This project was created in fulfilment of the Masters in AI study unit 'ICS5110 - Applied Machine Learning'. It explores the application of machine learning algorithms to predict the population of Maltese regions based on demographic factors. A full report about the project can be found in ICS5110-Report.pdf
ICS5110-Applied-ML
├── NSO_Population_Sex_dataset
│ ├── NSO_DF_TOT_POP_BY_REG_DIST_LOC_1.5.csv
│ ├── NSO_POPULATION_DATA_CLEANED.csv
│ └── NSO_POPULATION_DATA_PREFEATURE.csv
├── DecisionTreeRegressor.py
├── LinearRegression.py
├── RandomForestRegressor.py
├── Utils.py
├── app.py
├── index.html
├── main.ipynb
└── requirements.txt
└── README-gradio.md
- NSO_Population_Sex_dataset: Contains the original dataset from the National Statistics Office (NSO) containing demographic data based on gender and LAUs. Two cleaned versions of the dataset are also available, used by the machine learning algorithms and the Gradio web app.
- DecisionTreeRegressor.py: Custom Decision Tree implementation.
- LineaRegression.py: Custom Linear Regression implementation.
- RandomForestRegressor.py: Custom Random Forest implementation.
- Utils.py: Utility functions used in main.ipynb, particularly the RMSE metric.
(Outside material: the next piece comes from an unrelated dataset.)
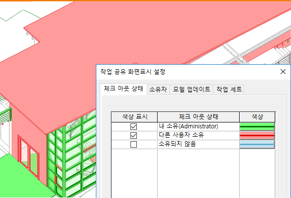 해당 소유자 체크 아웃 상태에 지정된 색상이 모델에 표시됩니다.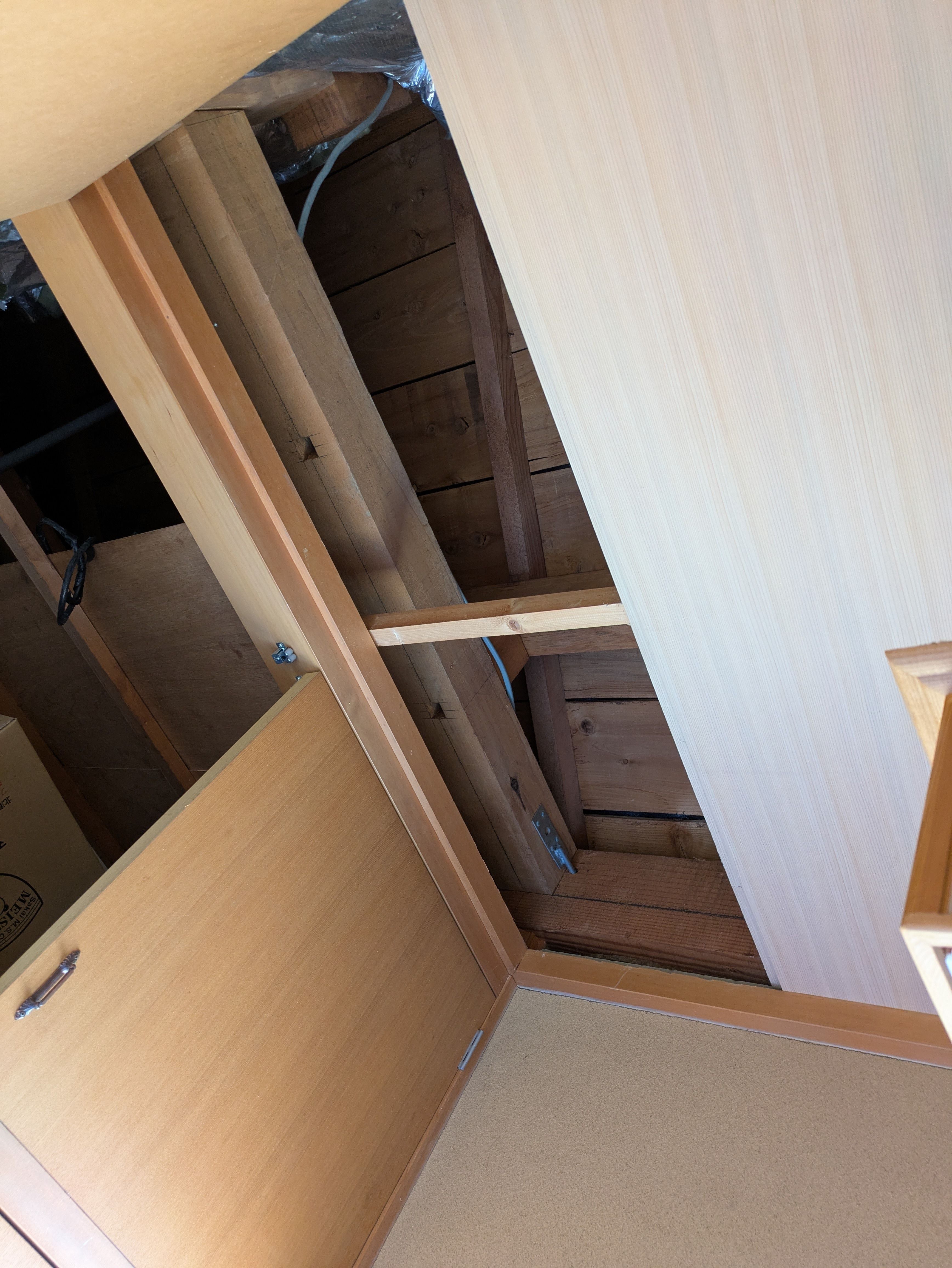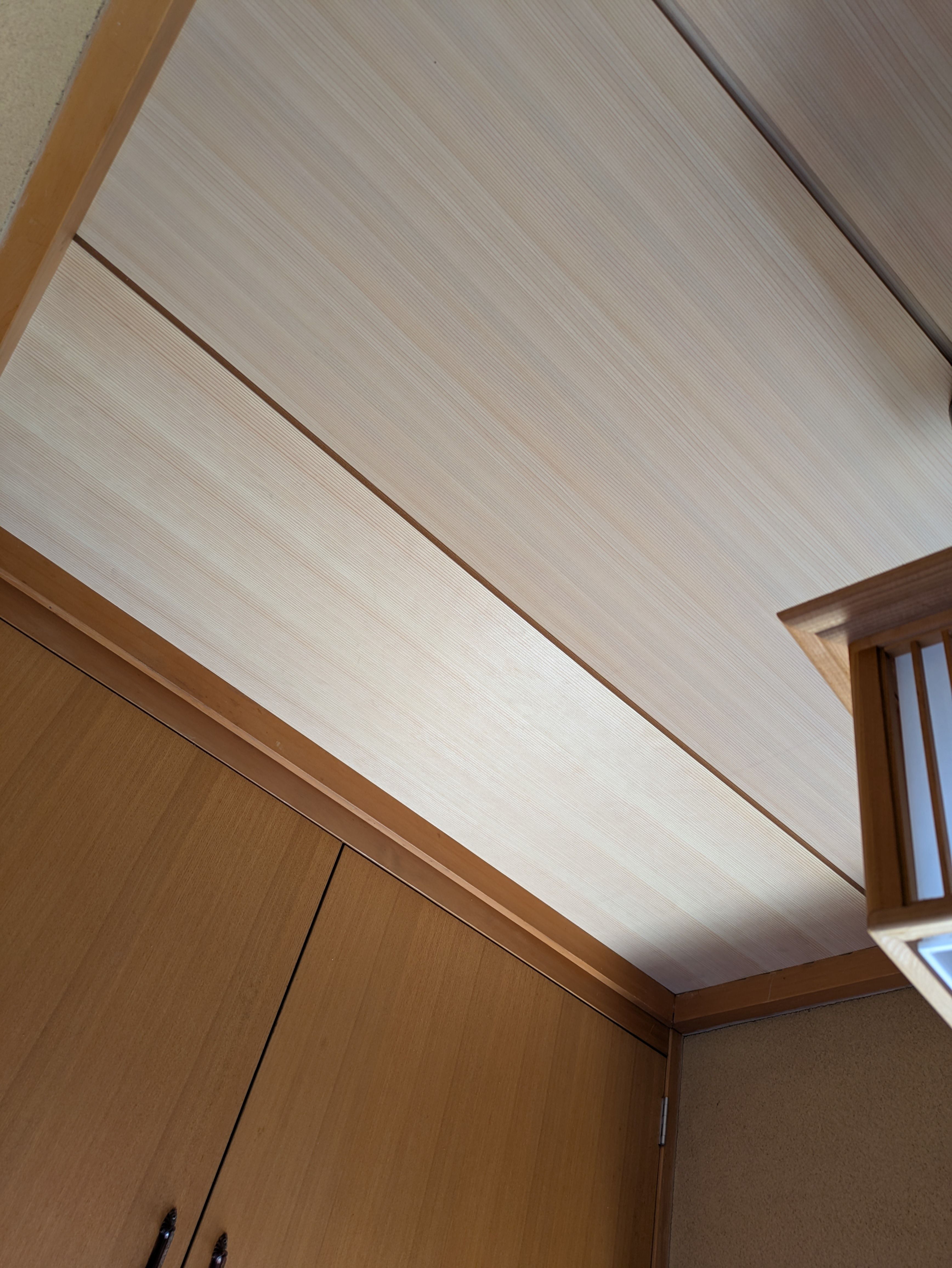 小さな部屋で天井材は4枚でしたので、全面張替えをオススメしました。(経年による色合いの違いがあるので)

- app.py: Gradio web app implementation.
- index.html: Contains the iframe embedding the Gradio web app running on HuggingFace onto GitHub Pages.
- main.ipynb: Runs the models implemented, divided into data preprocessing, model training, and model evaluation.
- README-gradio.md:
README.md
file required by HuggingFace containing information about the implementation, including name, SDK version, files to run etc. For running on HuggingFace, change the name of this file toREADME.md
- requirements.txt: Lists the Python libraries that are required to run the Gradio web app. The libraries include
gradio
,pandas
,numpy
, andsklearn
.
- Data Preprocessing: The original dataset from Malta's National Statistics Office (NSO) is cleaned and preprocessed to prepare it for machine learning algorithms.
- Machine Learning Algorithms: Three machine learning algorithms are implemented: decision tree regression, random forest regression, and linear regression.
- Model Evaluation: The performance of each algorithm is evaluated using various metrics.
- Web Application: A user-friendly implementation of the model evaluation is created through Gradio and hosted through HuggingFace.
A Gradio web app was created to provide a user-friendly interface for predicting population based on selected demographic factors.
Report: Can be found above as ICS5110-Report.pdf HuggingFace: huggingface.co/spaces/ICS5110/Gradio-Web-Tool GitHub: nathanportelli.github.io/ICS5110-Applied-ML
Install the required libraries using pip:
pip install -r requirements.txt
Run:
python app.py
Open the web app in your browser through to the URL displayed in the IDE terminal.